A word-for-word reproduction of the data below is needed, with no pictures in it.

Dataset START

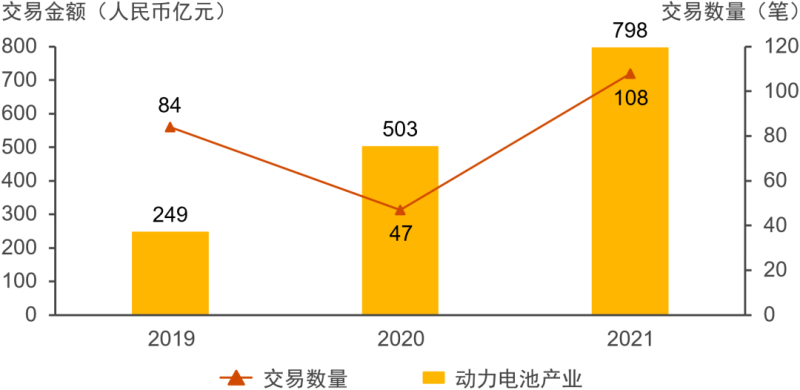2021年動力電池交易金額較過去兩年穩(wěn)中有升,披露金額為人民幣798億元,交易筆數(shù)較去年也有較大提升,達到108筆。相較2020年有爆發(fā)式的增長,交易金額約占能源行業(yè)整體交易的20%,相較于2020年18.7%的交易占比,穩(wěn)中有升。
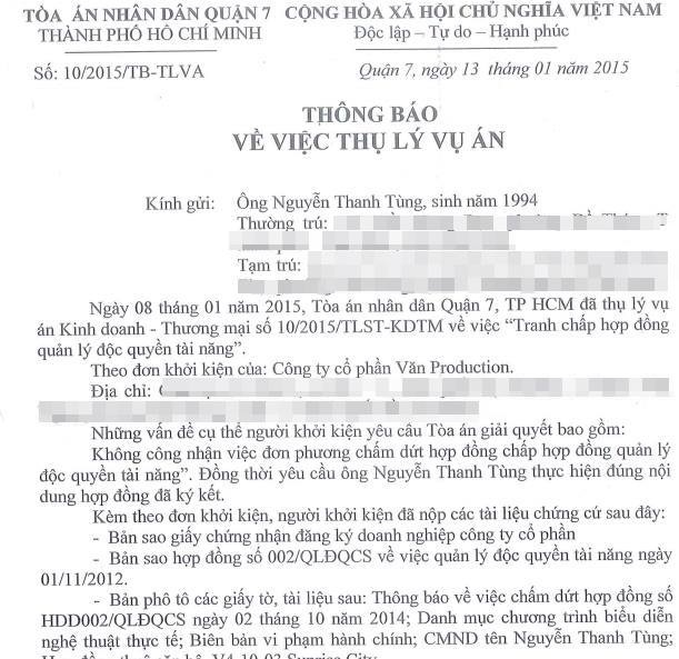 Hiện tại, tòa án nhân dân quận 7, TP.HCM đã thụ lý hồ sơ vụ kiện của công ty Văn Production với Sơn Tùng. Tòa cũng gửi thông báo đến nam ca sĩ Nguyễn Thanh Tùng biết, trong thời hạn 15 ngày, kể từ ngày nhận được thông báo thụ lý hồ sơ từ tòa án, anh phải có phản hồi đến tòa. Nếu không có ý kiến đối với yêu cầu khởi kiện, tòa án sẽ căn cứ vào tài liệu, chứng cứ có trong hồ sơ để giải quyết vụ án theo quy định của pháp luật.
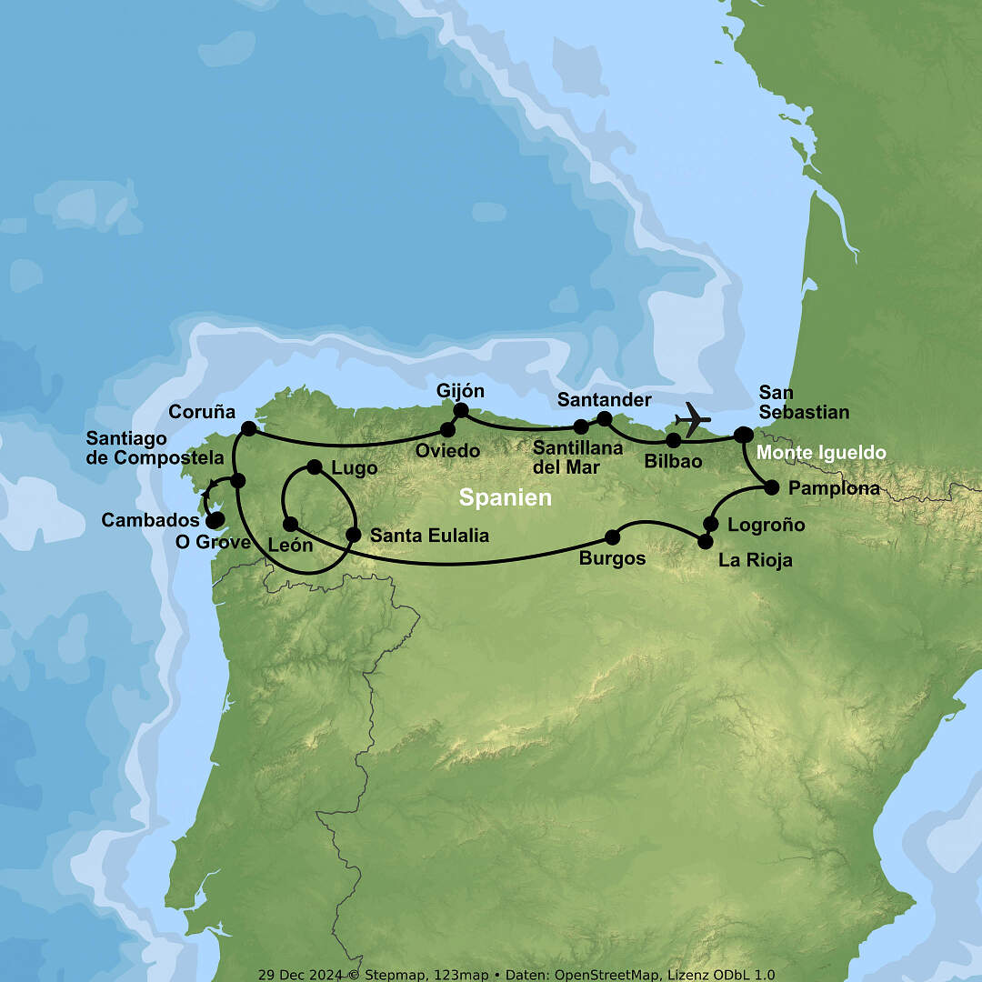 Starten Sie Ihre 10-tägige Rundreise durch Nordspanien in Bilbao und tauchen Sie ein in eine Region voller Vielfalt. Erkunden Sie das legendäre Santiago de Compostela, das zum UNESCO-Weltkulturerbe gehört, genießen Sie eine malerische Bootstour durch die Rías Baixas und lassen Sie sich bei einer Muschelverkostung kulinarisch verwöhnen. Auch erwartet Sie eine Weinverkostung in der La Rioja Region und Cambados. Freuen Sie sich auf eine Reise, die Kultur, Natur und Genuss harmonisch vereint.
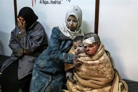 | Une femme syrienne et des enfants blessés patientent dans un hôpital après des frappes sur le quartier de Barzé, en périphérie de Damas, le 20 février. |
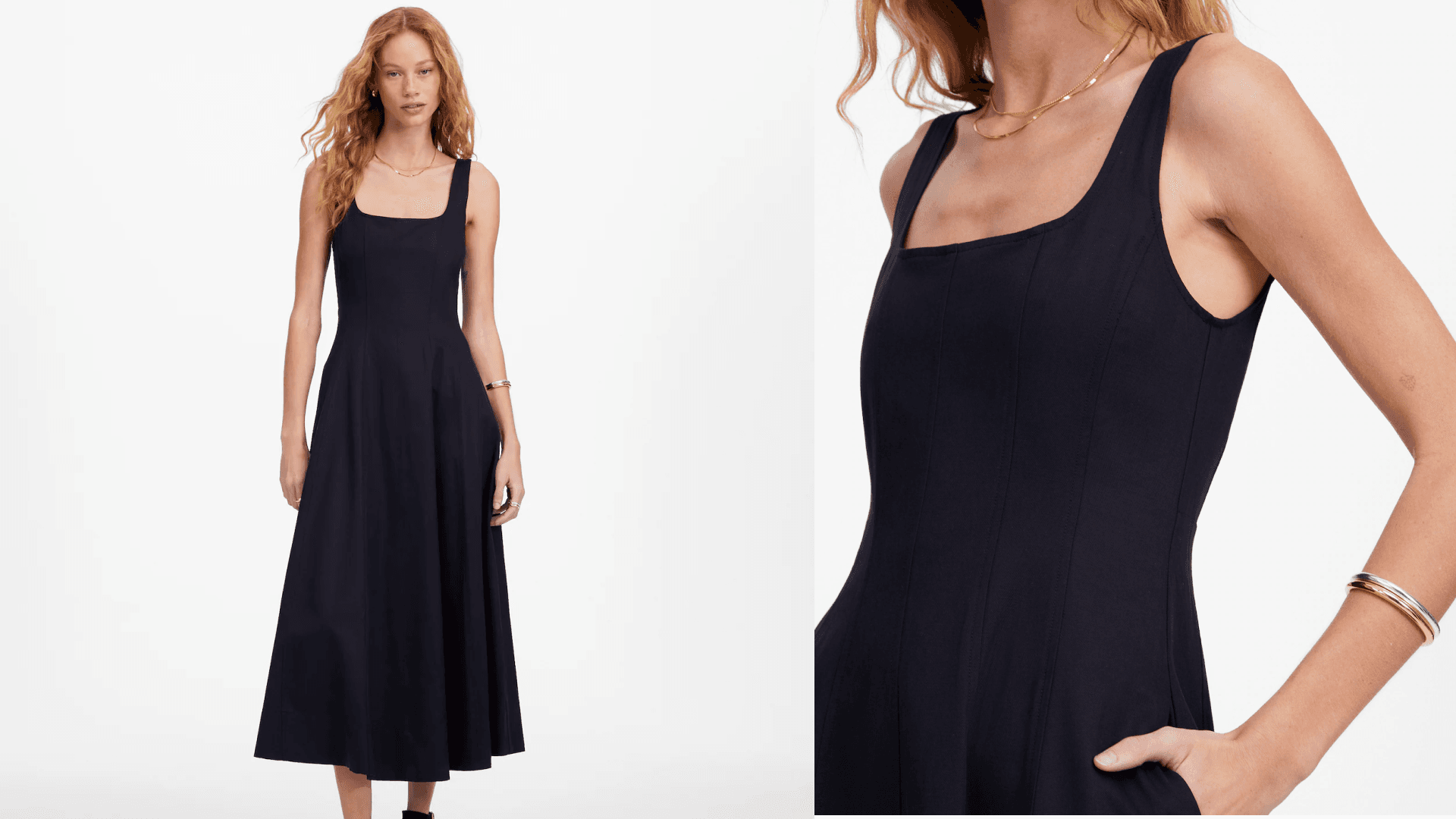 You might have to do some extra digging, but you can always find a good wedding guest dress at Madewell. This square neck midi dress comes in both black and khaki, but I’d suggest grabbing the black and using accessories to dress it up. It has a fitted bodice and a skirt with lots of volume, so it’ll easily pass for a nice-enough dress for your upcoming event. The best part: You aren’t spending a ton on a wedding guest dress you’ll never wear again. ($158, Madewell)
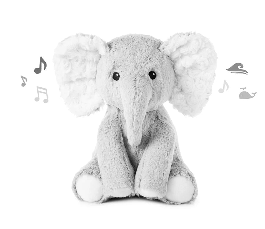 Inside this sweet Elliot Elephant™ is a secret sleep solution – a sound machine that plays 8 soothing sounds and melodies! With favorites like a mother's heartbeat and Rockabye Baby, these soothing sounds are scientifically proven to help babies and children go to sleep faster.
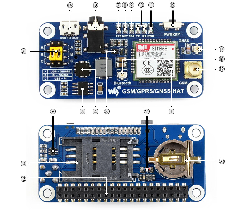 Shiled SIM868 GSM/GPRS/GNSS/Bluetooth HAT hỗ trợ Raspberry Pi tăng cường các tính năng đa giao tiếp như: GSM, GPRS, GNSS và Bluetooth. Nó cho phép raspberry pi của bạn dễ dàng thực hiện cuộc gọi điện thoại, gửi tin nhắn, kết nối với Internet không dây, định vị vị trí, truyền dữ liệu qua Bluetooth...
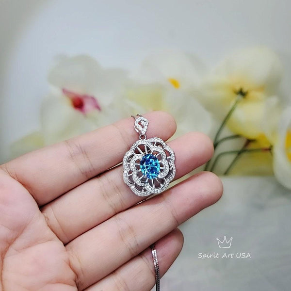 Blue Topaz Jewelry Large Peony flower Style
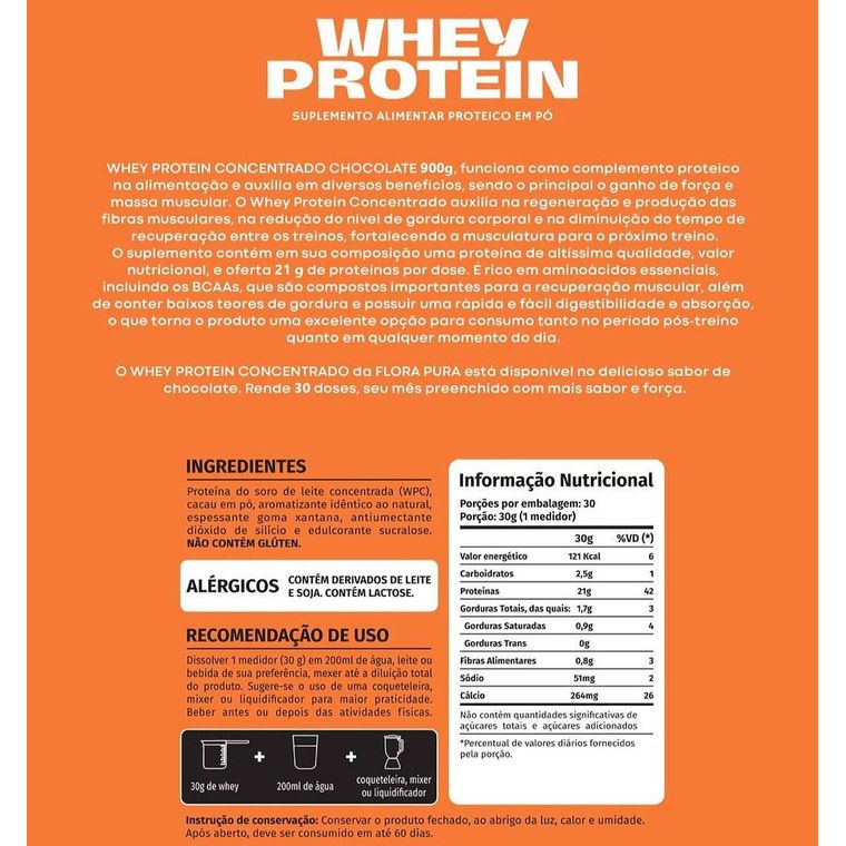 O WHEY PROTEIN CONCENTRADO da FLORA PURA está disponível no delicioso sabor de chocolate. Rende 30 doses, seu mês preenchido com mais sabor e força.
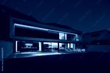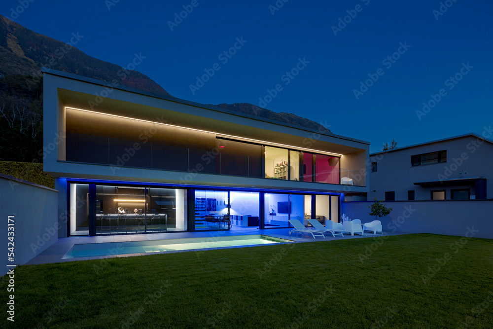 Modern house with swimming pool and garden in night scene illuminated by colored LED lights. Behind the house is the hill with the forest.
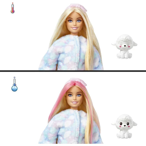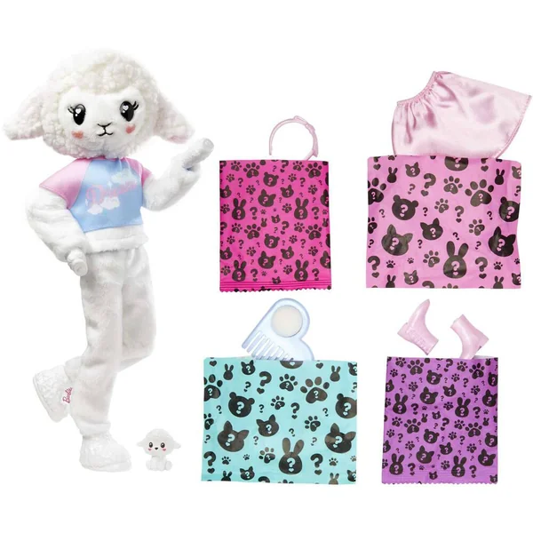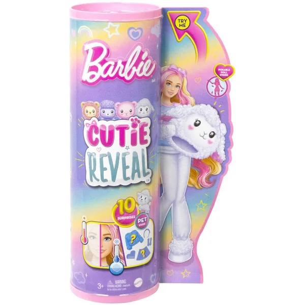 10 surprises sont à découvrir dans le coffret ! 1 Barbie, 2 changements de couleur, 1 déguisement d’agneau avec 1 t-shirt, 1 figurine et des accessoires.
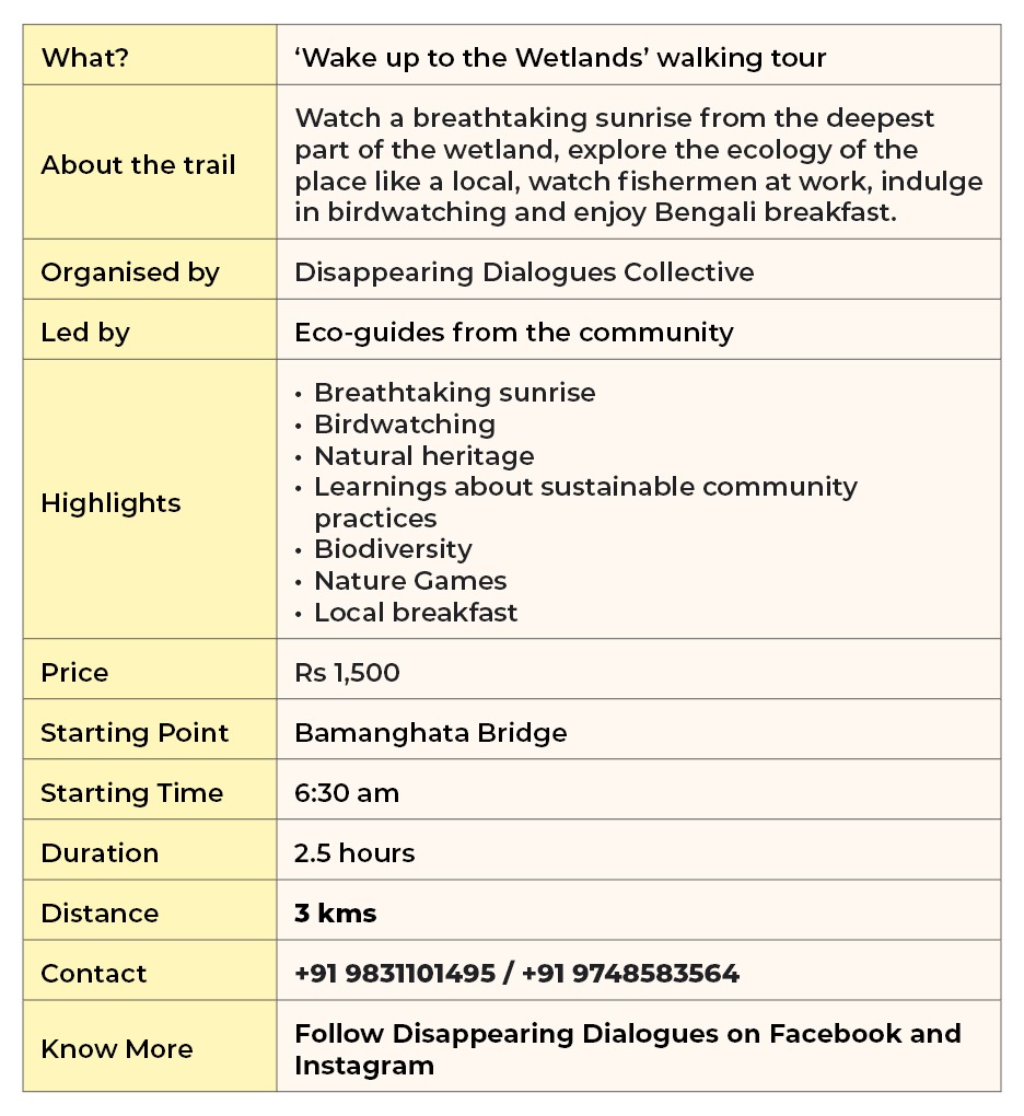 The trails go beyond sightseeing; offering participants an immersive insight into the community, their practices and the environment. It isn’t just about watching the EKW from afar, but engaging with it personally. “You could watch women weave, fishermen catch fish or people tend to their self-sustainable vegetable gardens in their backyards. In winters, you notice the locals making fresh and aromatic nolen gur. You can even buy it directly from the source,” says artist Nobina Gupta, founder-director of Disappearing Dialogues, which organises the walks.

Dataset END

(Solution to the problem)
2021年動力電池交易金額較過去兩年穩(wěn)中有升,披露金額為人民幣798億元,交易筆數(shù)較去年也有較大提升,達到108筆。相較2020年有爆發(fā)式的增長,交易金額約占能源行業(yè)整體交易的20%,相較于2020年18.7%的交易占比,穩(wěn)中有升。
 Hiện tại, tòa án nhân dân quận 7, TP.HCM đã thụ lý hồ sơ vụ kiện của công ty Văn Production với Sơn Tùng. Tòa cũng gửi thông báo đến nam ca sĩ Nguyễn Thanh Tùng biết, trong thời hạn 15 ngày, kể từ ngày nhận được thông báo thụ lý hồ sơ từ tòa án, anh phải có phản hồi đến tòa. Nếu không có ý kiến đối với yêu cầu khởi kiện, tòa án sẽ căn cứ vào tài liệu, chứng cứ có trong hồ sơ để giải quyết vụ án theo quy định của pháp luật.
 Starten Sie Ihre 10-tägige Rundreise durch Nordspanien in Bilbao und tauchen Sie ein in eine Region voller Vielfalt. Erkunden Sie das legendäre Santiago de Compostela, das zum UNESCO-Weltkulturerbe gehört, genießen Sie eine malerische Bootstour durch die Rías Baixas und lassen Sie sich bei einer Muschelverkostung kulinarisch verwöhnen. Auch erwartet Sie eine Weinverkostung in der La Rioja Region und Cambados. Freuen Sie sich auf eine Reise, die Kultur, Natur und Genuss harmonisch vereint.
 | Une femme syrienne et des enfants blessés patientent dans un hôpital après des frappes sur le quartier de Barzé, en périphérie de Damas, le 20 février. |
 You might have to do some extra digging, but you can always find a good wedding guest dress at Madewell. This square neck midi dress comes in both black and khaki, but I’d suggest grabbing the black and using accessories to dress it up. It has a fitted bodice and a skirt with lots of volume, so it’ll easily pass for a nice-enough dress for your upcoming event. The best part: You aren’t spending a ton on a wedding guest dress you’ll never wear again. ($158, Madewell)
 Inside this sweet Elliot Elephant™ is a secret sleep solution – a sound machine that plays 8 soothing sounds and melodies! With favorites like a mother's heartbeat and Rockabye Baby, these soothing sounds are scientifically proven to help babies and children go to sleep faster.
 Shiled SIM868 GSM/GPRS/GNSS/Bluetooth HAT hỗ trợ Raspberry Pi tăng cường các tính năng đa giao tiếp như: GSM, GPRS, GNSS và Bluetooth. Nó cho phép raspberry pi của bạn dễ dàng thực hiện cuộc gọi điện thoại, gửi tin nhắn, kết nối với Internet không dây, định vị vị trí, truyền dữ liệu qua Bluetooth...
 Blue Topaz Jewelry Large Peony flower Style
 O WHEY PROTEIN CONCENTRADO da FLORA PURA está disponível no delicioso sabor de chocolate. Rende 30 doses, seu mês preenchido com mais sabor e força.
 Modern house with swimming pool and garden in night scene illuminated by colored LED lights. Behind the house is the hill with the forest.
 10 surprises sont à découvrir dans le coffret ! 1 Barbie, 2 changements de couleur, 1 déguisement d’agneau avec 1 t-shirt, 1 figurine et des accessoires.
 The trails go beyond sightseeing; offering participants an immersive insight into the community, their practices and the environment. It isn’t just about watching the EKW from afar, but engaging with it personally. “You could watch women weave, fishermen catch fish or people tend to their self-sustainable vegetable gardens in their backyards. In winters, you notice the locals making fresh and aromatic nolen gur. You can even buy it directly from the source,” says artist Nobina Gupta, founder-director of Disappearing Dialogues, which organises the walks.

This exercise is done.